▸ Dataset content
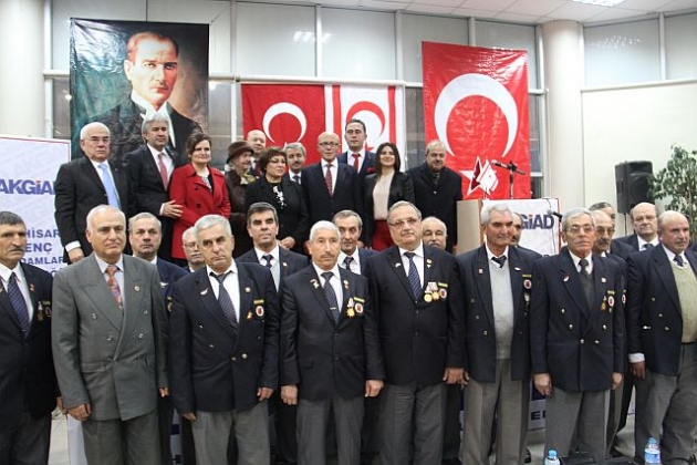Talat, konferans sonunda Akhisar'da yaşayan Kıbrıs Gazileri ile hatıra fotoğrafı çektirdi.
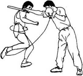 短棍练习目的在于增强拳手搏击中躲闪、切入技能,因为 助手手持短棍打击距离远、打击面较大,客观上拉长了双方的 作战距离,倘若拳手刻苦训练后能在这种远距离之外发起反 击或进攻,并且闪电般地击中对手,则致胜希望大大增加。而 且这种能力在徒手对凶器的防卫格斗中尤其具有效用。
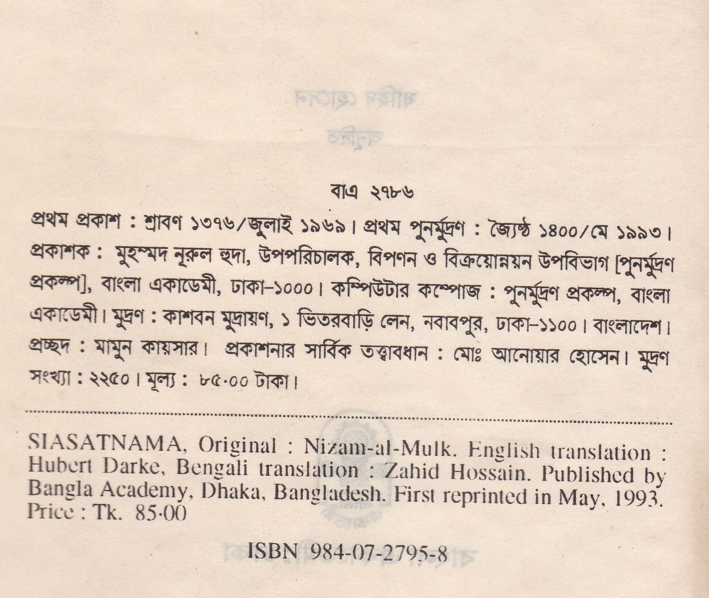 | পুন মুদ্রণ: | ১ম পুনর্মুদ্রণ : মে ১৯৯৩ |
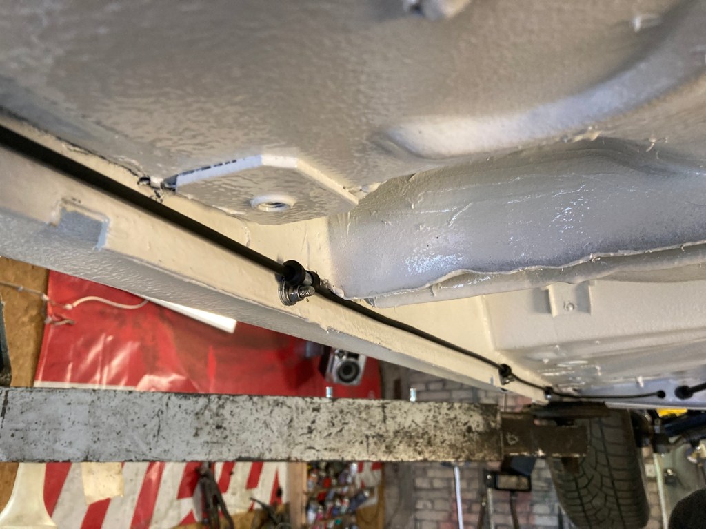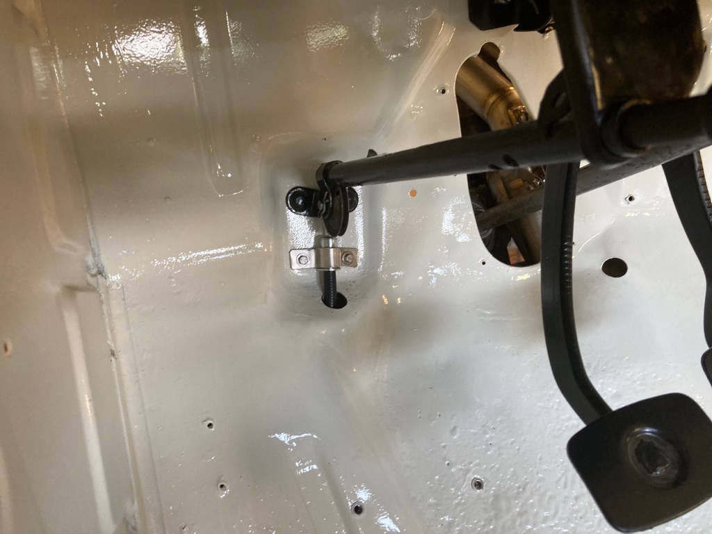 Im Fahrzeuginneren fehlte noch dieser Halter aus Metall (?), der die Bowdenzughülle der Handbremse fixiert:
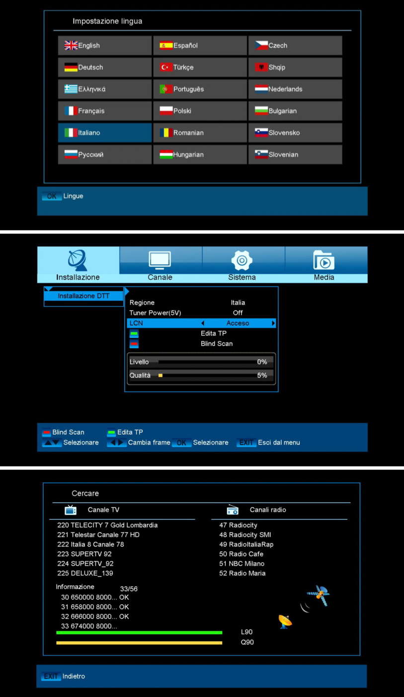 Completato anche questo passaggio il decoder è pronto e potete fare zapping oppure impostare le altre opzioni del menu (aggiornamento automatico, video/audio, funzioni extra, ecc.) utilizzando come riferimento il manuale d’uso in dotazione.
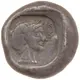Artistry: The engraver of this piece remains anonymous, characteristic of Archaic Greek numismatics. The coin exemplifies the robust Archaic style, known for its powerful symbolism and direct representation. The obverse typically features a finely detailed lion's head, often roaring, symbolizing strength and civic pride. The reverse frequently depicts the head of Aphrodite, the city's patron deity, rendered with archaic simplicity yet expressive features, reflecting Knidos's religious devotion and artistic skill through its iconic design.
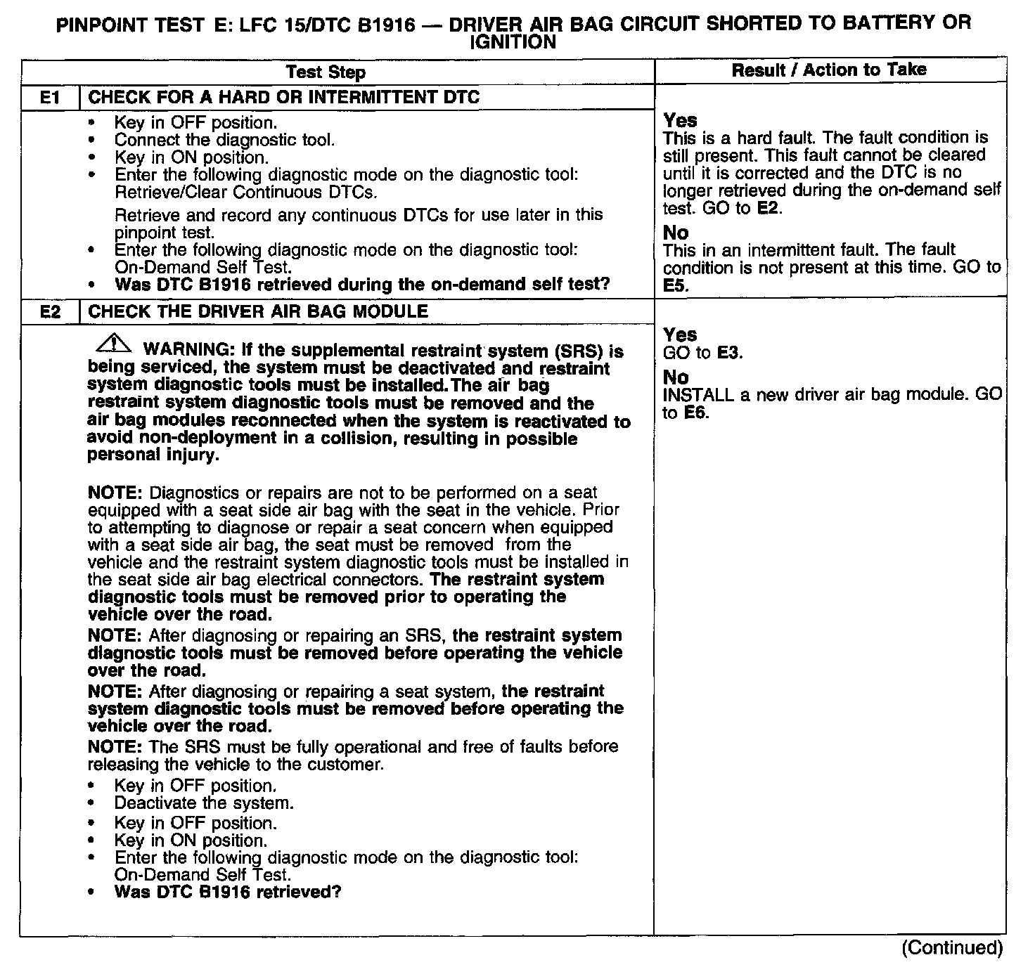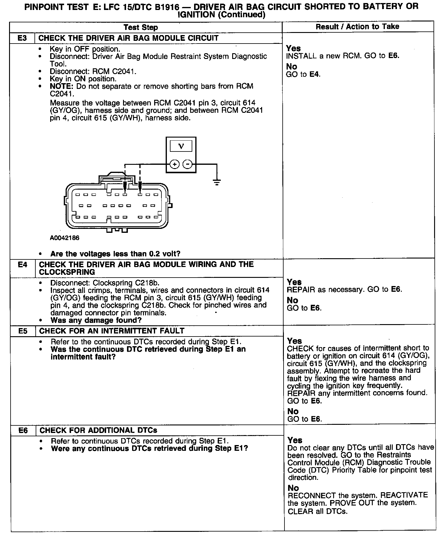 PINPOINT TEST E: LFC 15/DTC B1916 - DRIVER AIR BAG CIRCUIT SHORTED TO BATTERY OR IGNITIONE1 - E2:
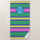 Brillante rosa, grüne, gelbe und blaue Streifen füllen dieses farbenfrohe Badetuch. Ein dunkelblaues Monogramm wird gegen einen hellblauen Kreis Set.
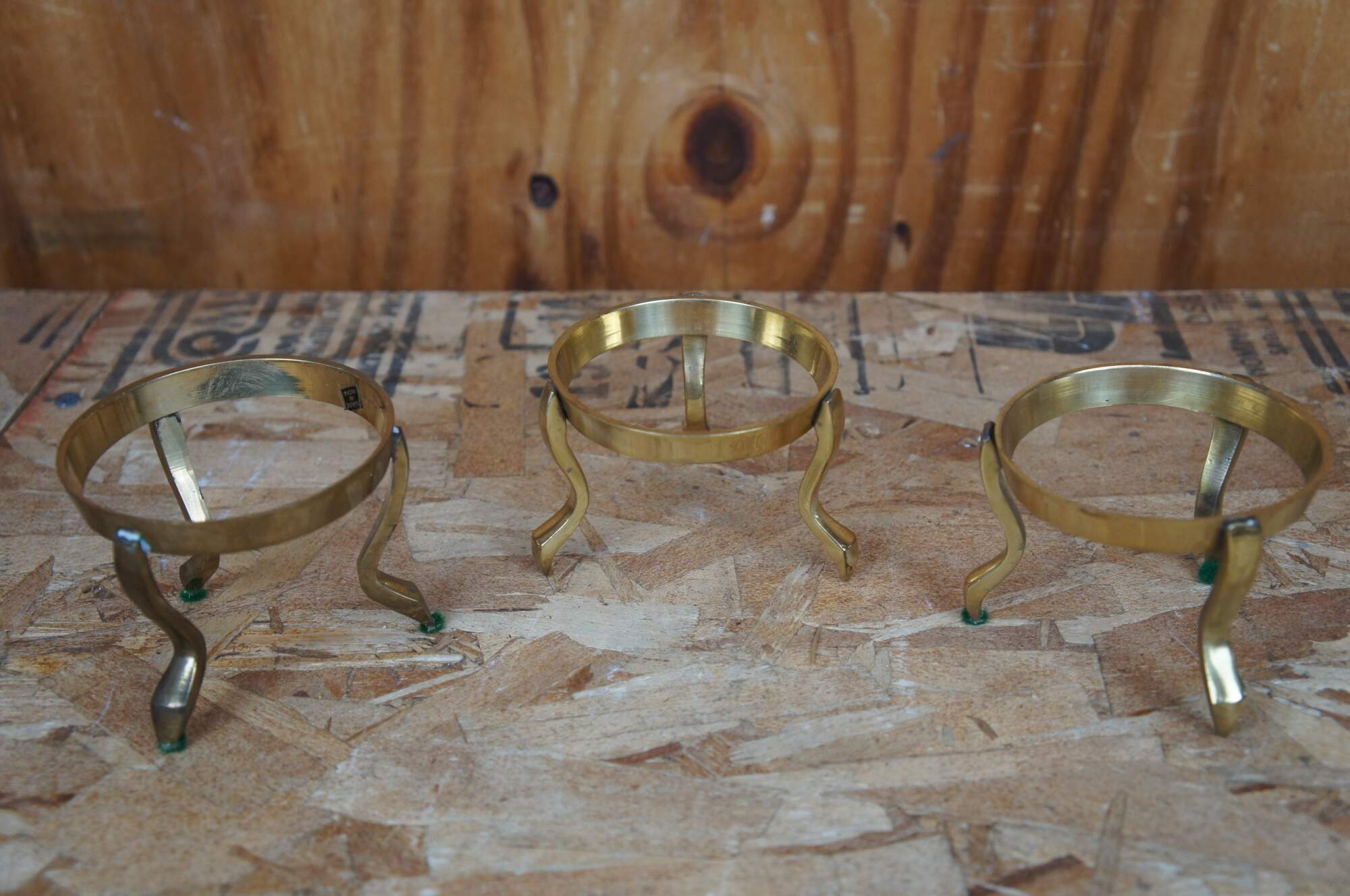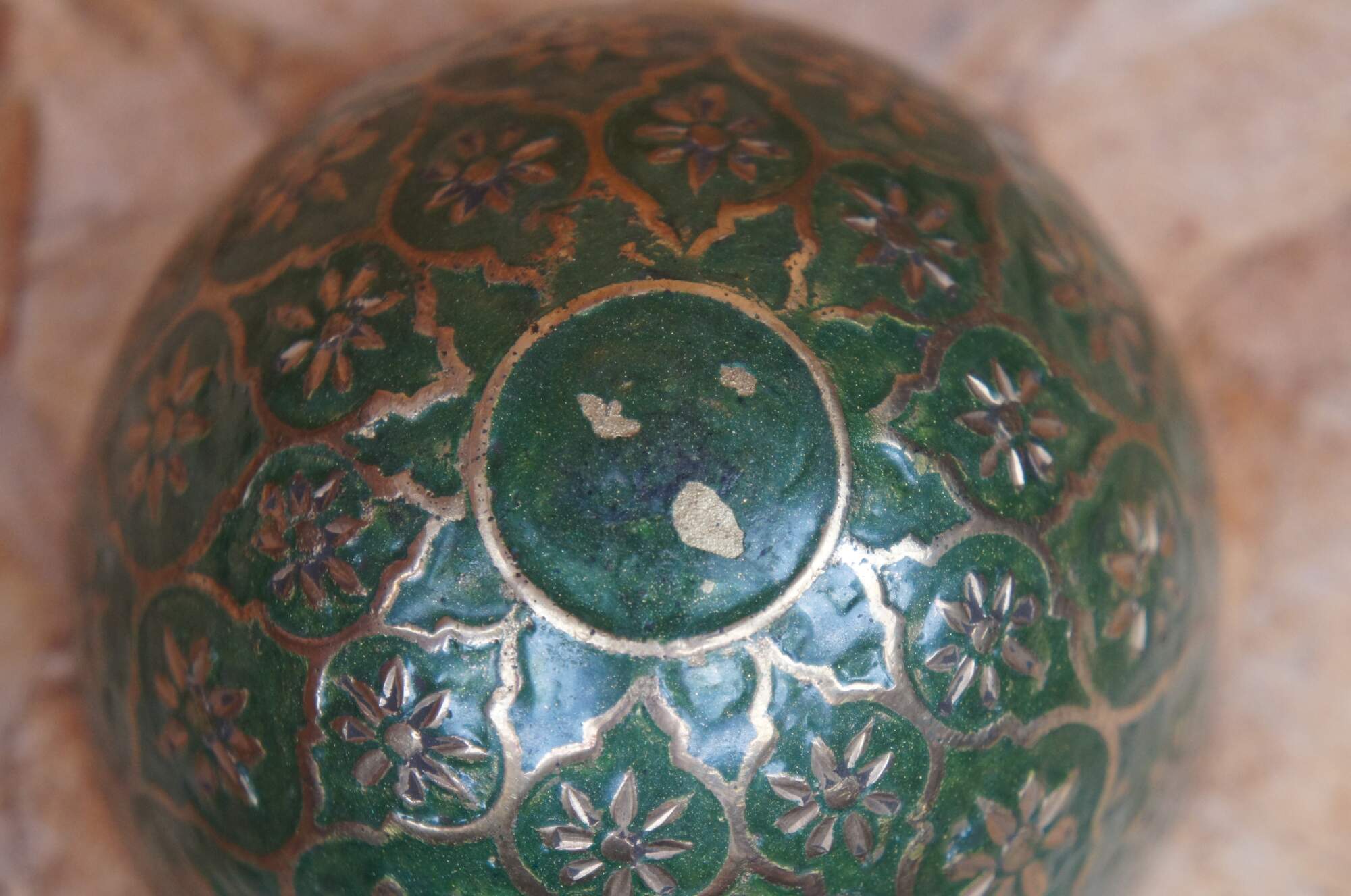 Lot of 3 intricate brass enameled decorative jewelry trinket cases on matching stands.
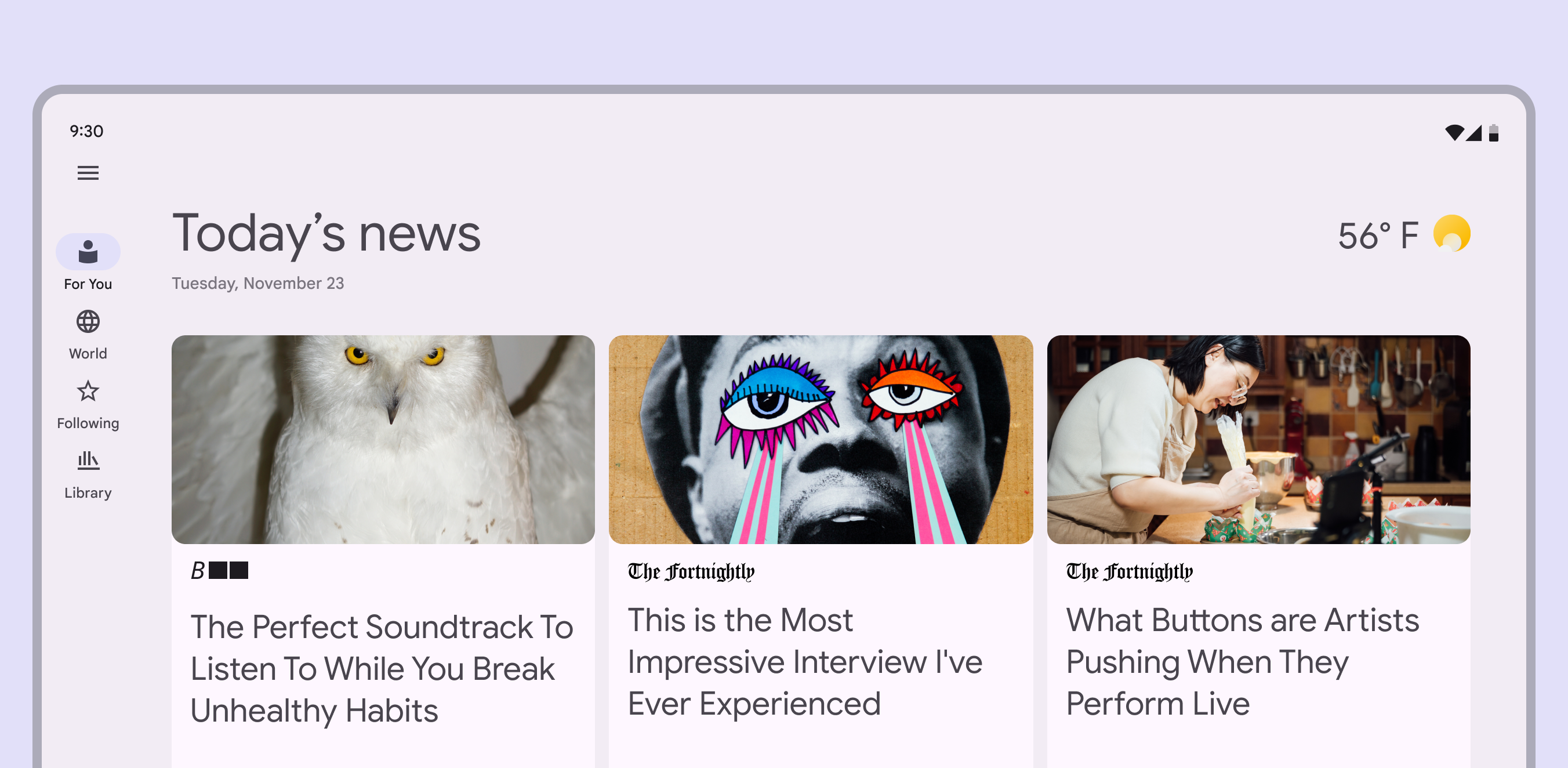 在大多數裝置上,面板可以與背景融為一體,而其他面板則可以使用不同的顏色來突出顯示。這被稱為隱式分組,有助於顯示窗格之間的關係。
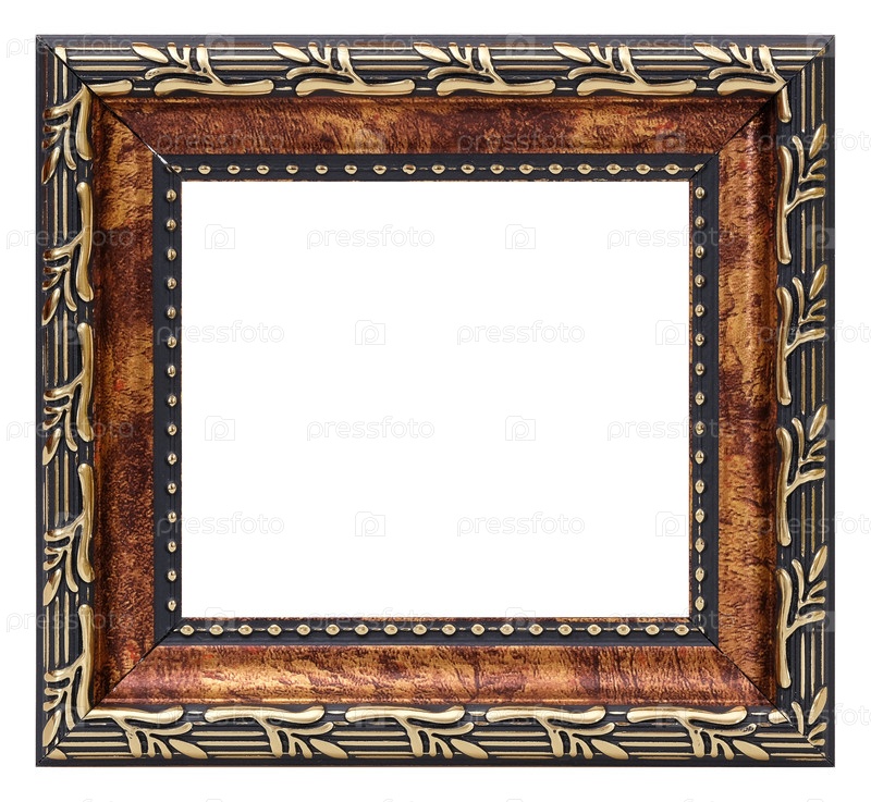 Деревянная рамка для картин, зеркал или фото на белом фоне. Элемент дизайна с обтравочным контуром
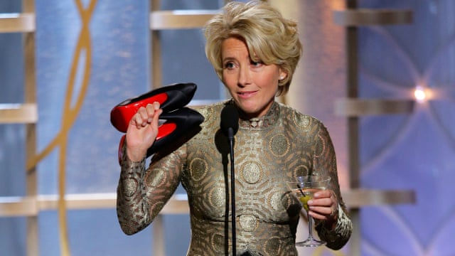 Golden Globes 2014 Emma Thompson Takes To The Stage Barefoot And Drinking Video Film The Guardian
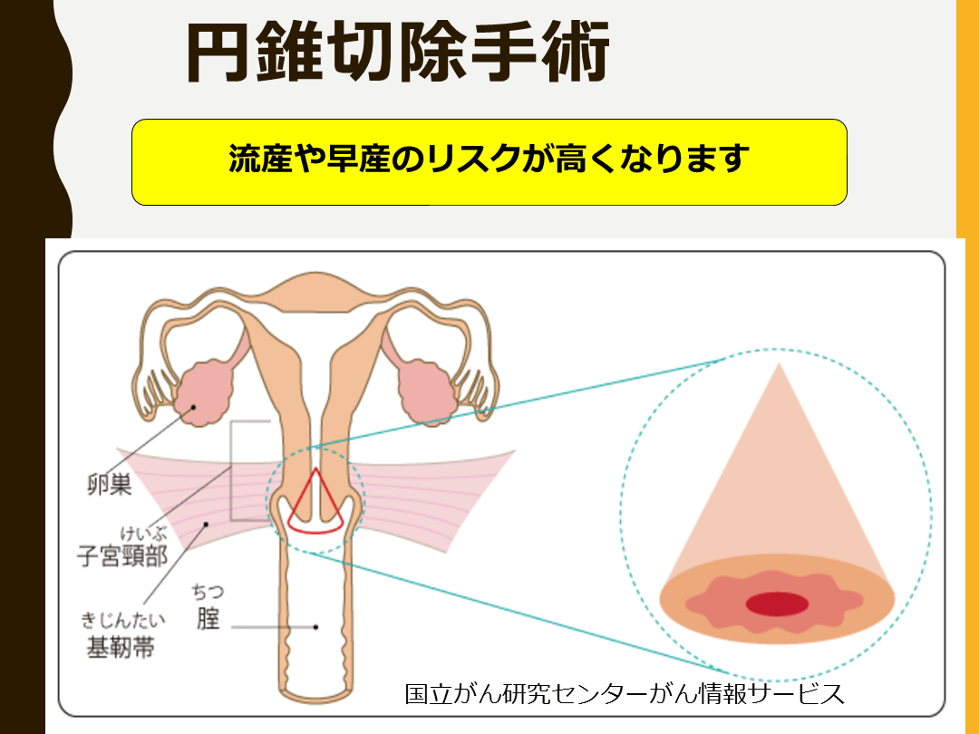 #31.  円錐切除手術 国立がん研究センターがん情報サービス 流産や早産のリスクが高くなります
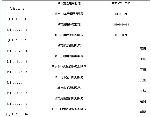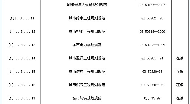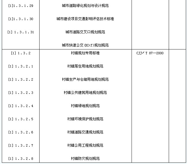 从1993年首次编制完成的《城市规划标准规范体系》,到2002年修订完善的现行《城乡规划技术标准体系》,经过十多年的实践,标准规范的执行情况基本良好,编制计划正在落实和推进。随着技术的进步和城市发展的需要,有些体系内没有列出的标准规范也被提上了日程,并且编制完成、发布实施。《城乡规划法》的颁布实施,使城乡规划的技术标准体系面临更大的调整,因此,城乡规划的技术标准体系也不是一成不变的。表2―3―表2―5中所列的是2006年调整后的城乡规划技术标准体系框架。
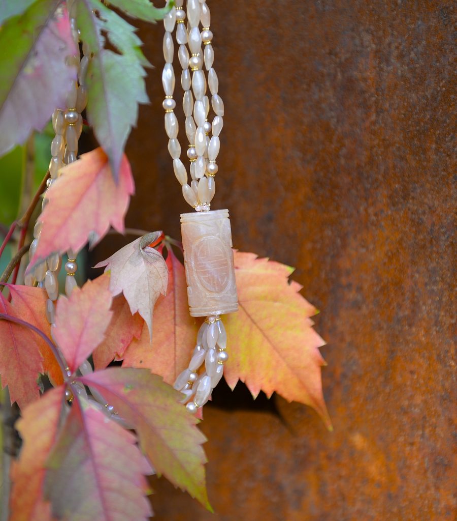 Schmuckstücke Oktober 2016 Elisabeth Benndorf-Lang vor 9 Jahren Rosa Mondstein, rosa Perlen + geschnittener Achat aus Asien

▸ What this task involves
Begin at the first line of the material and copy each line exactly through the one containing "Completato anche questo". Omit pictures.

▸ Solution to the problem
Talat, konferans sonunda Akhisar'da yaşayan Kıbrıs Gazileri ile hatıra fotoğrafı çektirdi.
 短棍练习目的在于增强拳手搏击中躲闪、切入技能,因为 助手手持短棍打击距离远、打击面较大,客观上拉长了双方的 作战距离,倘若拳手刻苦训练后能在这种远距离之外发起反 击或进攻,并且闪电般地击中对手,则致胜希望大大增加。而 且这种能力在徒手对凶器的防卫格斗中尤其具有效用。
 | পুন মুদ্রণ: | ১ম পুনর্মুদ্রণ : মে ১৯৯৩ |
 Im Fahrzeuginneren fehlte noch dieser Halter aus Metall (?), der die Bowdenzughülle der Handbremse fixiert:
 Completato anche questo passaggio il decoder è pronto e potete fare zapping oppure impostare le altre opzioni del menu (aggiornamento automatico, video/audio, funzioni extra, ecc.) utilizzando come riferimento il manuale d’uso in dotazione.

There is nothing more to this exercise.